• PROBLEM:
Set down each line of the records once more, precisely, and omit the pictures.
--------------------
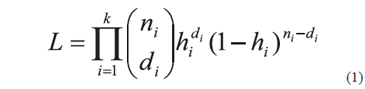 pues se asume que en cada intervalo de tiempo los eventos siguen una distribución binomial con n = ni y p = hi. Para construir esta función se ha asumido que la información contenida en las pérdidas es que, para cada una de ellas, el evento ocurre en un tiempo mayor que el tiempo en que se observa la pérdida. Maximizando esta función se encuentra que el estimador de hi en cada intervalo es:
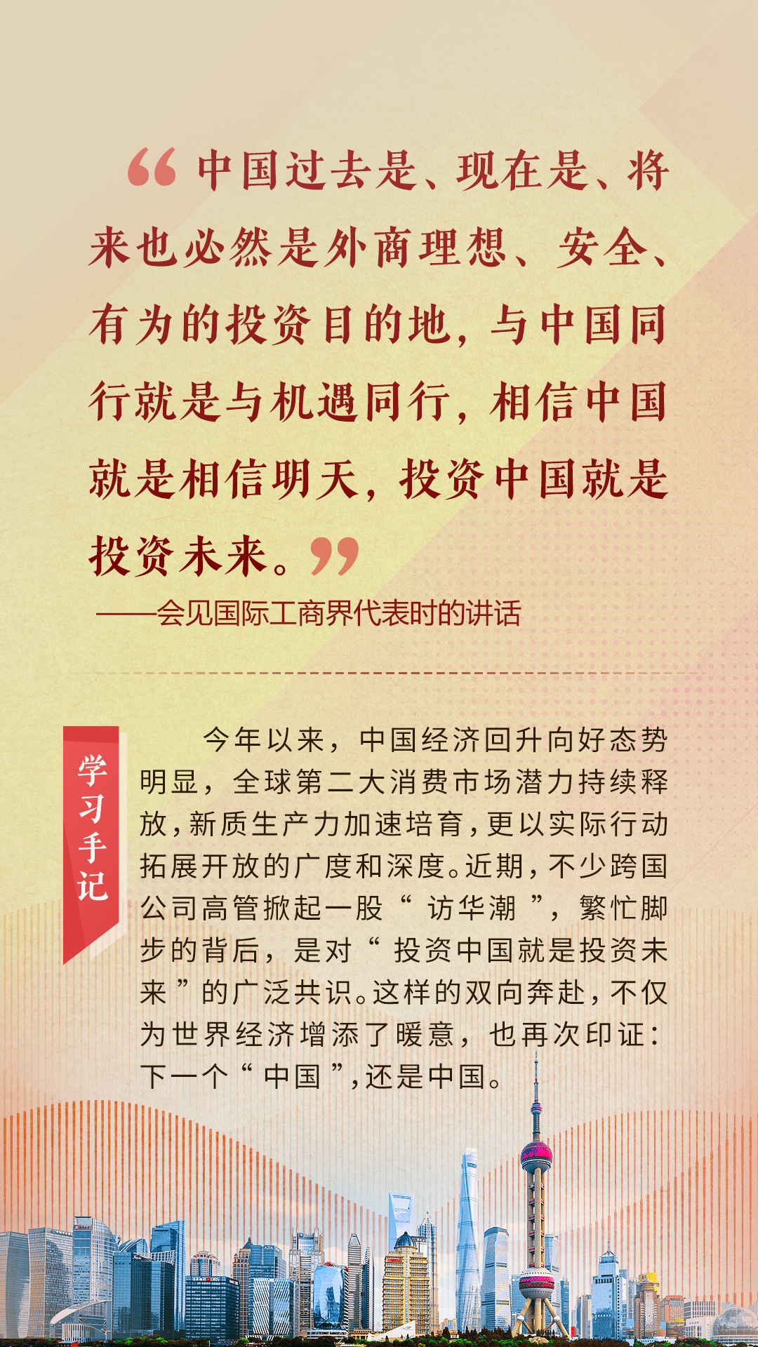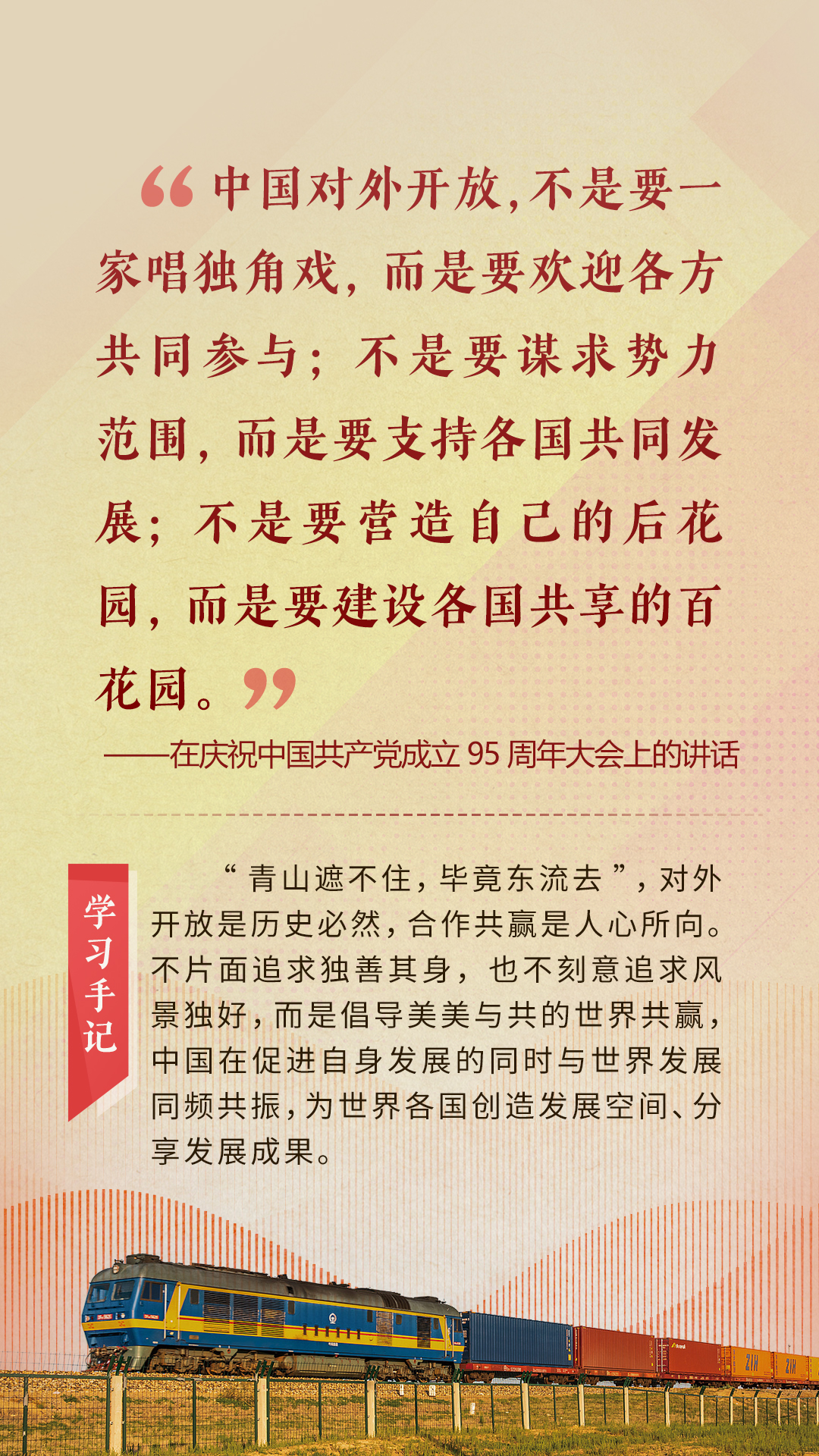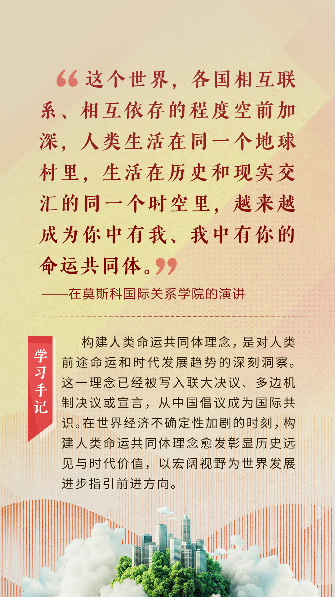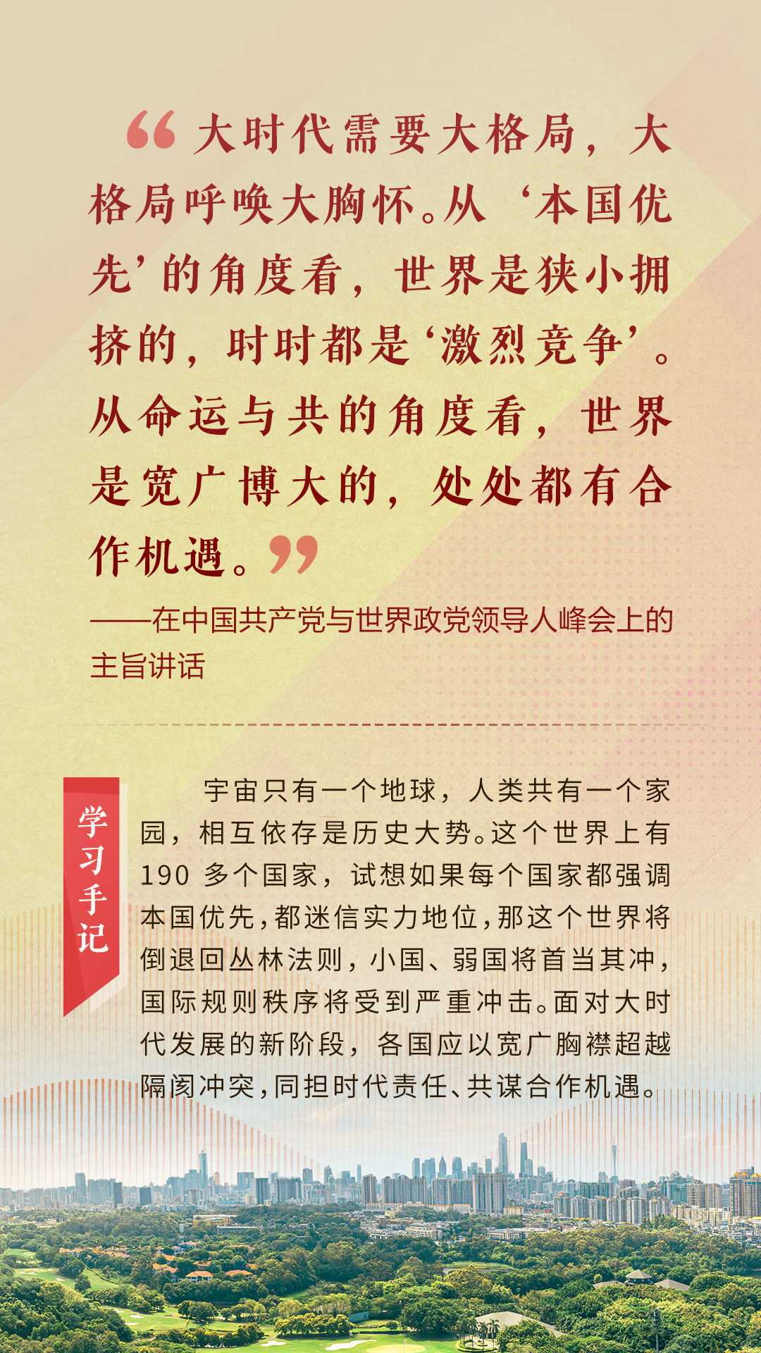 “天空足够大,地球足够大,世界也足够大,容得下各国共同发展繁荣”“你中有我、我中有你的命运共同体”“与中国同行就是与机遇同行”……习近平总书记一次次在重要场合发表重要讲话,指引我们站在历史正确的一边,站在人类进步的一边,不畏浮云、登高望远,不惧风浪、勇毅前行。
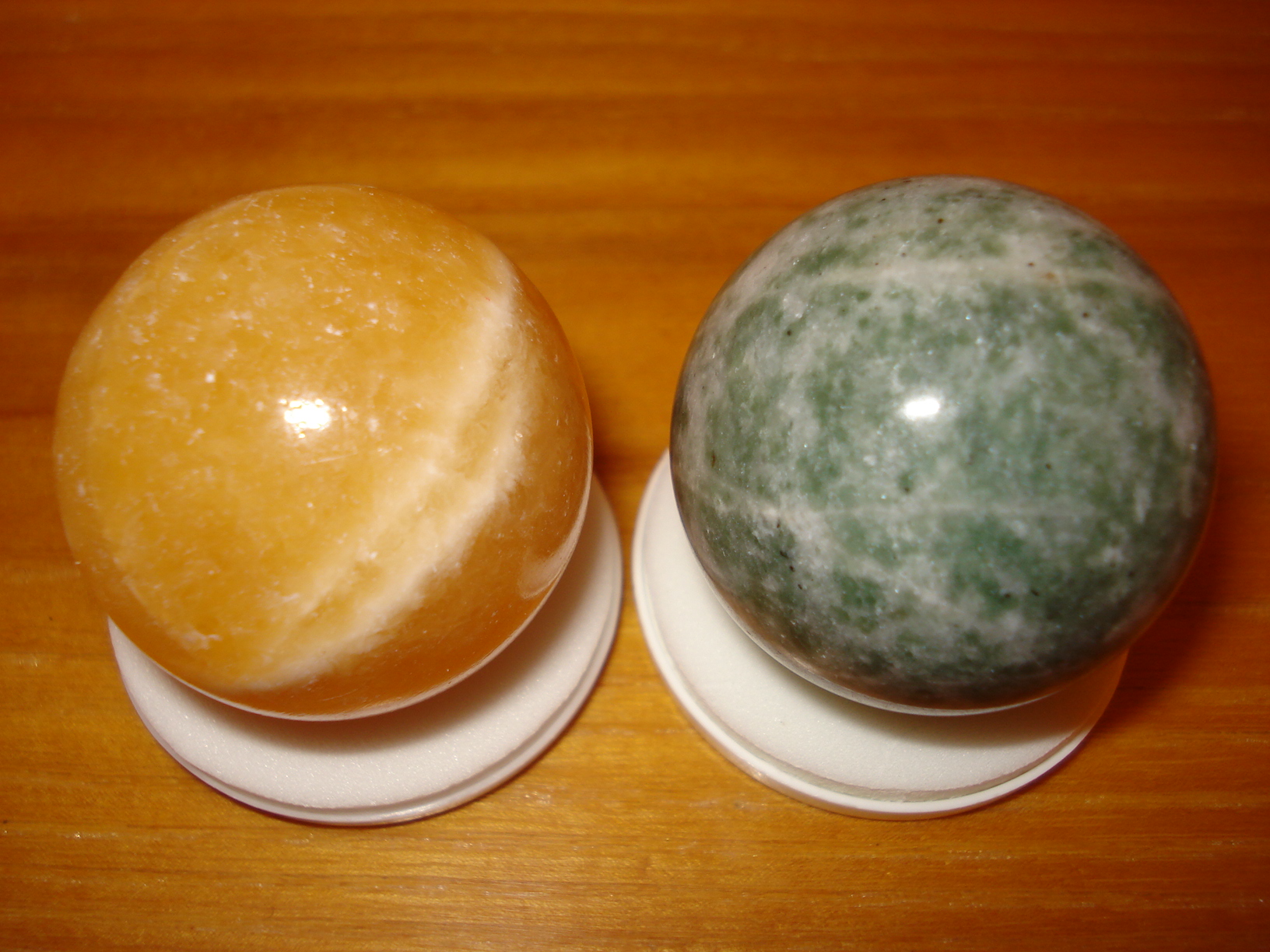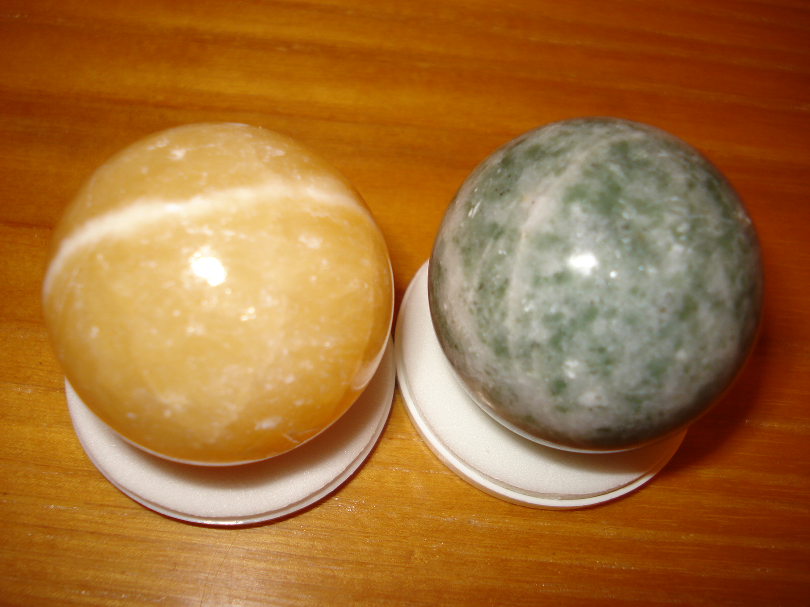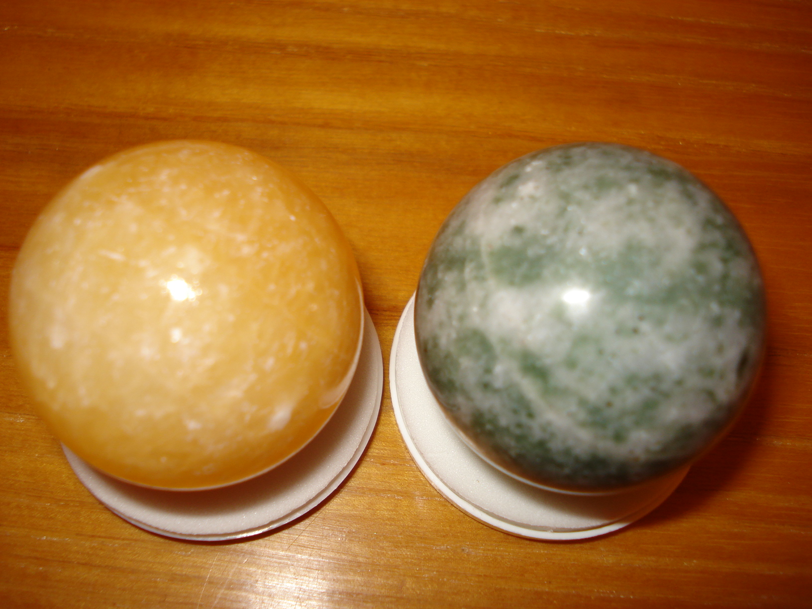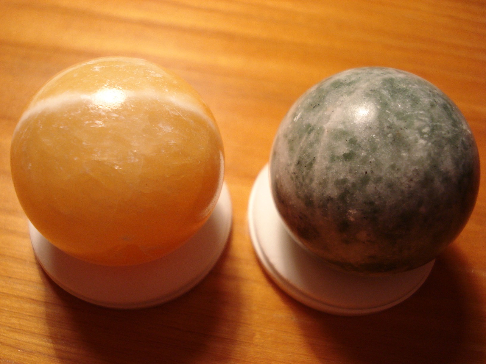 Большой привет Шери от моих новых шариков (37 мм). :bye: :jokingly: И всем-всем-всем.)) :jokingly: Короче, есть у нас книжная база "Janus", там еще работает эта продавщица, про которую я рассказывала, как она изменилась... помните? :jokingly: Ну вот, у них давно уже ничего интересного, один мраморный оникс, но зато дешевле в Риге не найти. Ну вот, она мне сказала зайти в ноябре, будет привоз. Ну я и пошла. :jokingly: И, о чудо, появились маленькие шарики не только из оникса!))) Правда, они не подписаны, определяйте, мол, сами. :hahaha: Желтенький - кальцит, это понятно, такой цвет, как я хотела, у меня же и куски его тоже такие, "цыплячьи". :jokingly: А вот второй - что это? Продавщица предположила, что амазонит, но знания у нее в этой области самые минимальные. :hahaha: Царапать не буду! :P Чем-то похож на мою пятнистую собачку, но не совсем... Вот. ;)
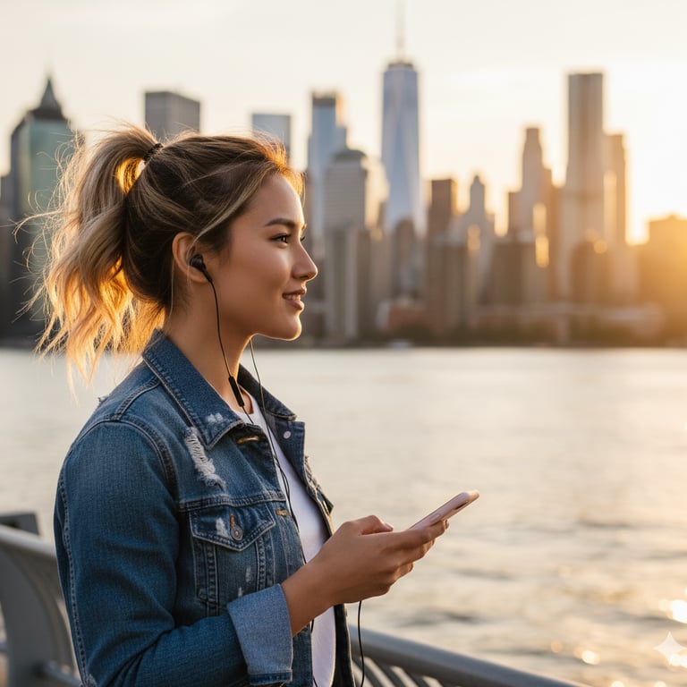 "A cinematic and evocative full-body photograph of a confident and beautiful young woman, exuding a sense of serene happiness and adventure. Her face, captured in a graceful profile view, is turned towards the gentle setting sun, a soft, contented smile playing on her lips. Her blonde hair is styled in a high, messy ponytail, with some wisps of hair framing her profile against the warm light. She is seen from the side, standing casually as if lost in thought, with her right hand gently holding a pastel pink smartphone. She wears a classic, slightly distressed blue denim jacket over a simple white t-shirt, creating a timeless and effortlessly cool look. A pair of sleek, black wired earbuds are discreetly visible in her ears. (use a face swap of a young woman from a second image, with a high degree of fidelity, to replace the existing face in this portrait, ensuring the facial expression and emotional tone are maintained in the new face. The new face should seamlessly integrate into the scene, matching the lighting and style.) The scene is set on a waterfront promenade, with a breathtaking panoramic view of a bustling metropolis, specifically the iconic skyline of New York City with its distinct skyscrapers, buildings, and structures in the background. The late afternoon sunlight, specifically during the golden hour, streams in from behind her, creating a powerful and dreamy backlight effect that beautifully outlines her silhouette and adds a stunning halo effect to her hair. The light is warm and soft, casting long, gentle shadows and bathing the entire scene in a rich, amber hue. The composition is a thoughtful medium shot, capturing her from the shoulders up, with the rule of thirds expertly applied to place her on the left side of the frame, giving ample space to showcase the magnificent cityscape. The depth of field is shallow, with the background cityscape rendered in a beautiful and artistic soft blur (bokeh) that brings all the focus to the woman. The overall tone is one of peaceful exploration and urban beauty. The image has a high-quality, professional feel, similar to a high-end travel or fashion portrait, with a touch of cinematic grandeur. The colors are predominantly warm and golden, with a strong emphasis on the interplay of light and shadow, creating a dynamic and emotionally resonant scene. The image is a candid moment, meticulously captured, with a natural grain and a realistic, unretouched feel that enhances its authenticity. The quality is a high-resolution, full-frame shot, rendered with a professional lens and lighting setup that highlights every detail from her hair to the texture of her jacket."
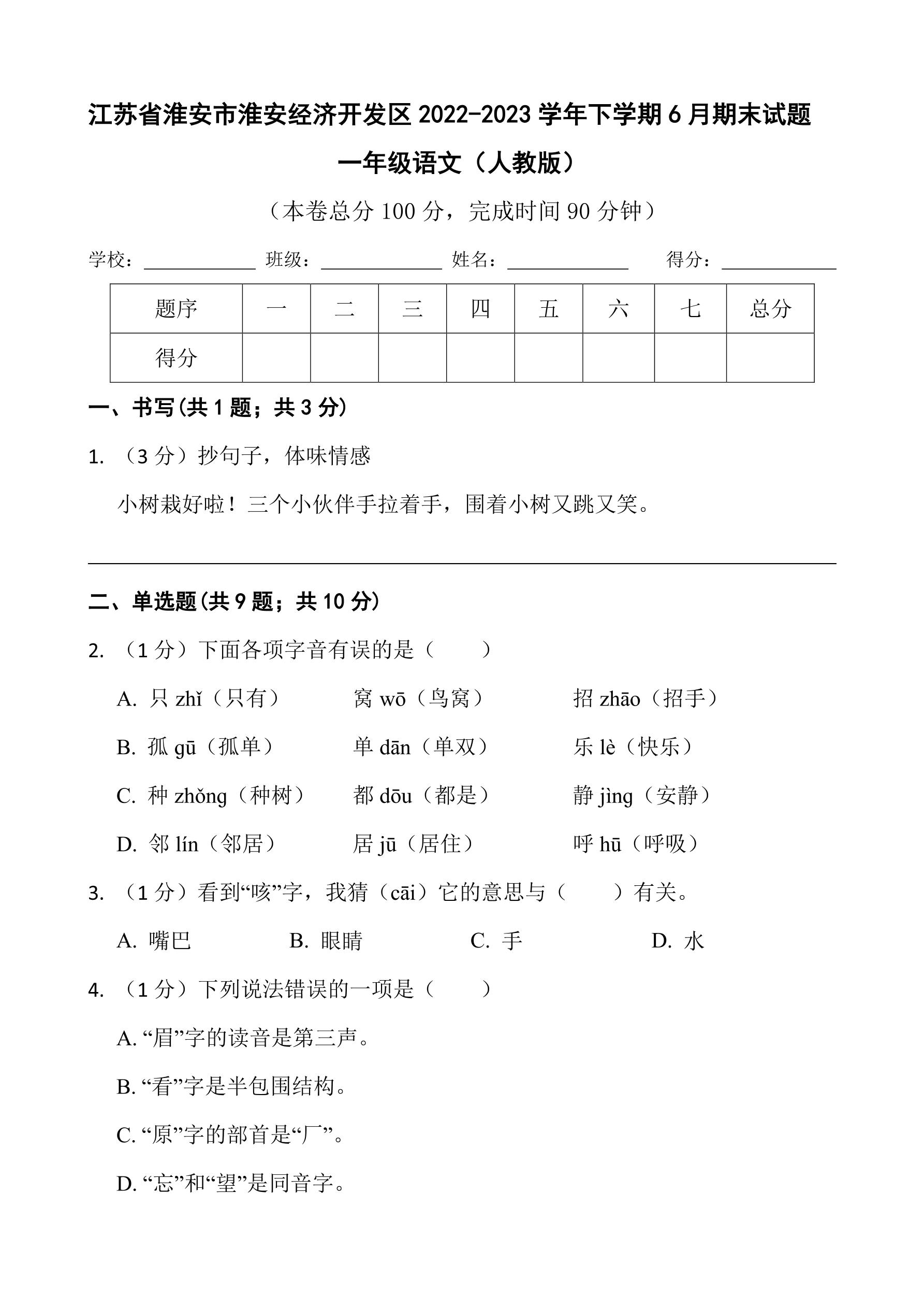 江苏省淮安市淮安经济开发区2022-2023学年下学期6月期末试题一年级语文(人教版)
--------------------
• ANSWER FOR THE TASK:
 pues se asume que en cada intervalo de tiempo los eventos siguen una distribución binomial con n = ni y p = hi. Para construir esta función se ha asumido que la información contenida en las pérdidas es que, para cada una de ellas, el evento ocurre en un tiempo mayor que el tiempo en que se observa la pérdida. Maximizando esta función se encuentra que el estimador de hi en cada intervalo es:
 “天空足够大,地球足够大,世界也足够大,容得下各国共同发展繁荣”“你中有我、我中有你的命运共同体”“与中国同行就是与机遇同行”……习近平总书记一次次在重要场合发表重要讲话,指引我们站在历史正确的一边,站在人类进步的一边,不畏浮云、登高望远,不惧风浪、勇毅前行。
 Большой привет Шери от моих новых шариков (37 мм). :bye: :jokingly: И всем-всем-всем.)) :jokingly: Короче, есть у нас книжная база "Janus", там еще работает эта продавщица, про которую я рассказывала, как она изменилась... помните? :jokingly: Ну вот, у них давно уже ничего интересного, один мраморный оникс, но зато дешевле в Риге не найти. Ну вот, она мне сказала зайти в ноябре, будет привоз. Ну я и пошла. :jokingly: И, о чудо, появились маленькие шарики не только из оникса!))) Правда, они не подписаны, определяйте, мол, сами. :hahaha: Желтенький - кальцит, это понятно, такой цвет, как я хотела, у меня же и куски его тоже такие, "цыплячьи". :jokingly: А вот второй - что это? Продавщица предположила, что амазонит, но знания у нее в этой области самые минимальные. :hahaha: Царапать не буду! :P Чем-то похож на мою пятнистую собачку, но не совсем... Вот. ;)
 "A cinematic and evocative full-body photograph of a confident and beautiful young woman, exuding a sense of serene happiness and adventure. Her face, captured in a graceful profile view, is turned towards the gentle setting sun, a soft, contented smile playing on her lips. Her blonde hair is styled in a high, messy ponytail, with some wisps of hair framing her profile against the warm light. She is seen from the side, standing casually as if lost in thought, with her right hand gently holding a pastel pink smartphone. She wears a classic, slightly distressed blue denim jacket over a simple white t-shirt, creating a timeless and effortlessly cool look. A pair of sleek, black wired earbuds are discreetly visible in her ears. (use a face swap of a young woman from a second image, with a high degree of fidelity, to replace the existing face in this portrait, ensuring the facial expression and emotional tone are maintained in the new face. The new face should seamlessly integrate into the scene, matching the lighting and style.) The scene is set on a waterfront promenade, with a breathtaking panoramic view of a bustling metropolis, specifically the iconic skyline of New York City with its distinct skyscrapers, buildings, and structures in the background. The late afternoon sunlight, specifically during the golden hour, streams in from behind her, creating a powerful and dreamy backlight effect that beautifully outlines her silhouette and adds a stunning halo effect to her hair. The light is warm and soft, casting long, gentle shadows and bathing the entire scene in a rich, amber hue. The composition is a thoughtful medium shot, capturing her from the shoulders up, with the rule of thirds expertly applied to place her on the left side of the frame, giving ample space to showcase the magnificent cityscape. The depth of field is shallow, with the background cityscape rendered in a beautiful and artistic soft blur (bokeh) that brings all the focus to the woman. The overall tone is one of peaceful exploration and urban beauty. The image has a high-quality, professional feel, similar to a high-end travel or fashion portrait, with a touch of cinematic grandeur. The colors are predominantly warm and golden, with a strong emphasis on the interplay of light and shadow, creating a dynamic and emotionally resonant scene. The image is a candid moment, meticulously captured, with a natural grain and a realistic, unretouched feel that enhances its authenticity. The quality is a high-resolution, full-frame shot, rendered with a professional lens and lighting setup that highlights every detail from her hair to the texture of her jacket."
 江苏省淮安市淮安经济开发区2022-2023学年下学期6月期末试题一年级语文(人教版)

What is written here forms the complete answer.